# Collage / mosaic plugin



## Julian Roberts (Sep 5, 2010)

Has anyone come across a collage plugin for LR? I'm using Picasa at the moment - which is fine - but it's just another app to use,

Thanks very much

Julian


----------



## ukbrown (Sep 5, 2010)

no, not seen one. Tried the microsoft research one which gave amazing results for 18 pounds (free trial). But would prefer one as a plugin like you.


----------



## Winston (Sep 6, 2010)

How about the Custom Package Layout in the Print Module?


----------



## Julian Roberts (Sep 6, 2010)

You mean roll your own. Well I guess that would work, but I rather like the random 'deck shuffle' that a dedicate app (or plugin) would provide. But then again, for this type of thing, I'm just lazy...


----------



## Julian Roberts (Sep 6, 2010)

[quote author=ukbrown link=topic=1'945.msg73625#msg73625 date=128371596']
Tried the microsoft research one [/quote]

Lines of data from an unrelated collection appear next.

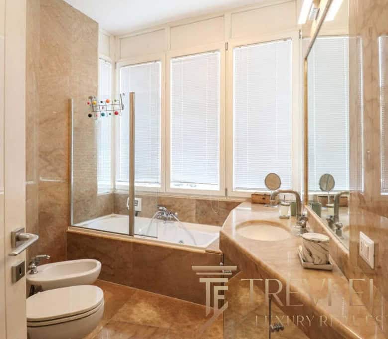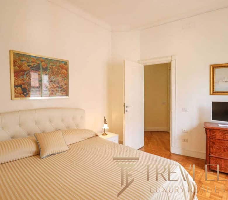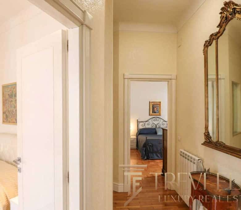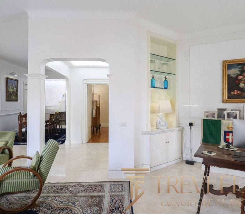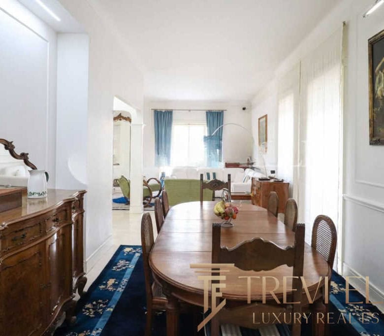 L’attico è completamente arredato con mobili d’epoca e rifiniture di alto livello.
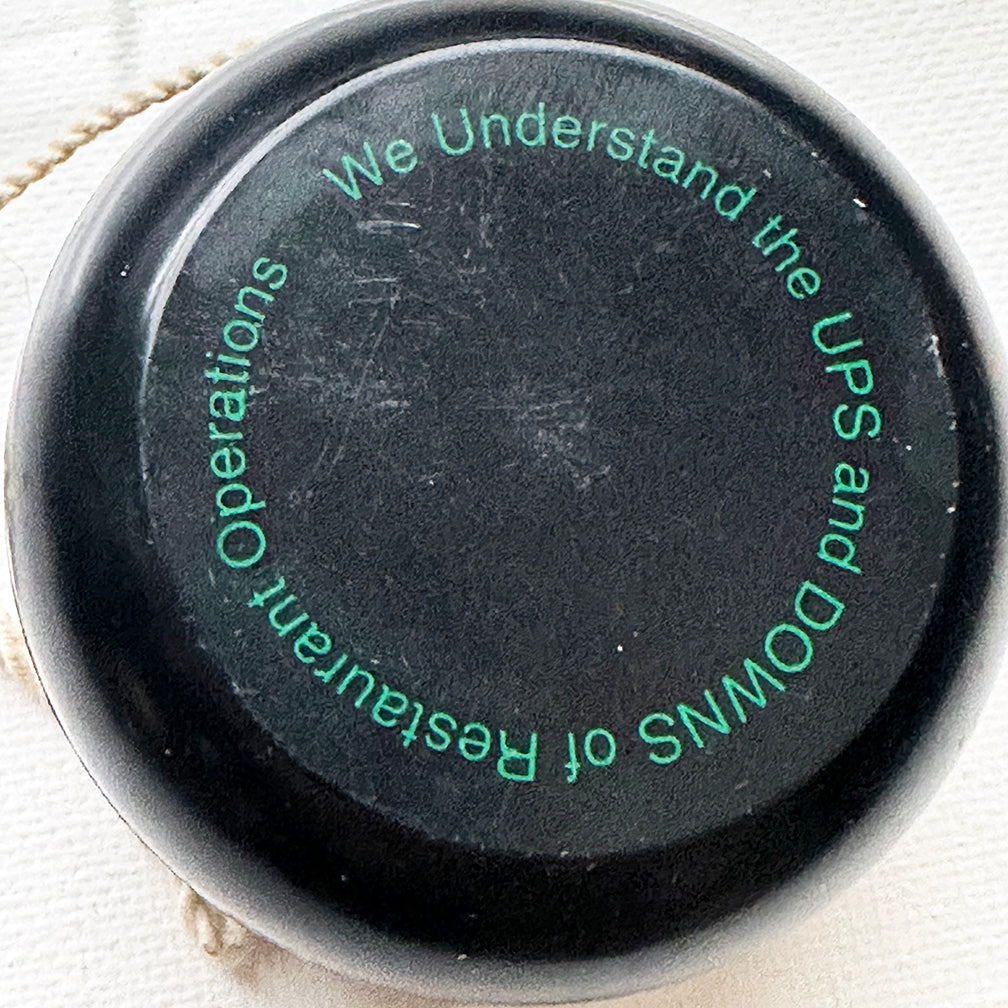 Black with Green lettering. Aloha - back says "We understand the UPS and downs of Restaurants operations". Get it? Ups and downs.
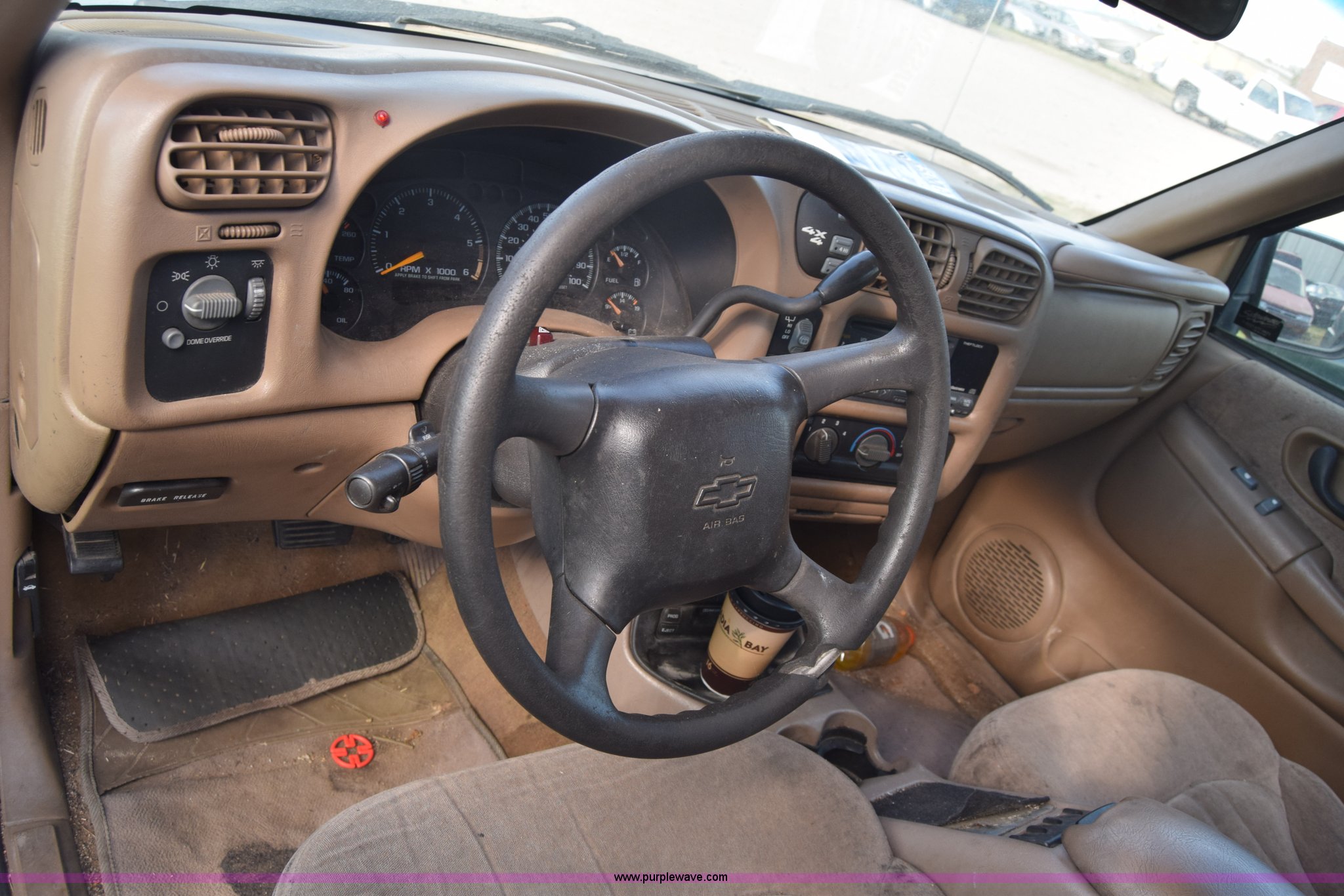 2000 Chevrolet Blazer SUV. Unknown miles on odometer, 4.3L V6 gas engine, Automatic transmission, AC and heat, Tilt, Cruise, AM/FM/CD, Power windows and mirrors, Cloth interior, Receiver hitch, 235/75R15 tires, Interior/exterior cosmetic damage, Dents, Scratches, Case# 15C50920. Vehicle is abandoned. Condition and history are unknown. No additional information is available. Vehicle does not have keys unless notated otherwise in the item listing.. View City Of Wichita Terms for title acquisition and item removal requirements.. 1GNDT13W4Y2100852. Interstate Wrecker Service. 1028 North Mosley. Wichita, KS 67214

Looks like this is only available on Windows...


----------



## sonny_c (Sep 7, 2010)

How about this?

http://lightroomkillertips.com/2'1'/lightroom-print-presets-multi-photo-custom-grid/


----------



## Julian Roberts (Sep 7, 2010)

Ah ha - good call. I saw this at the time and forgot all about it. Thx


----------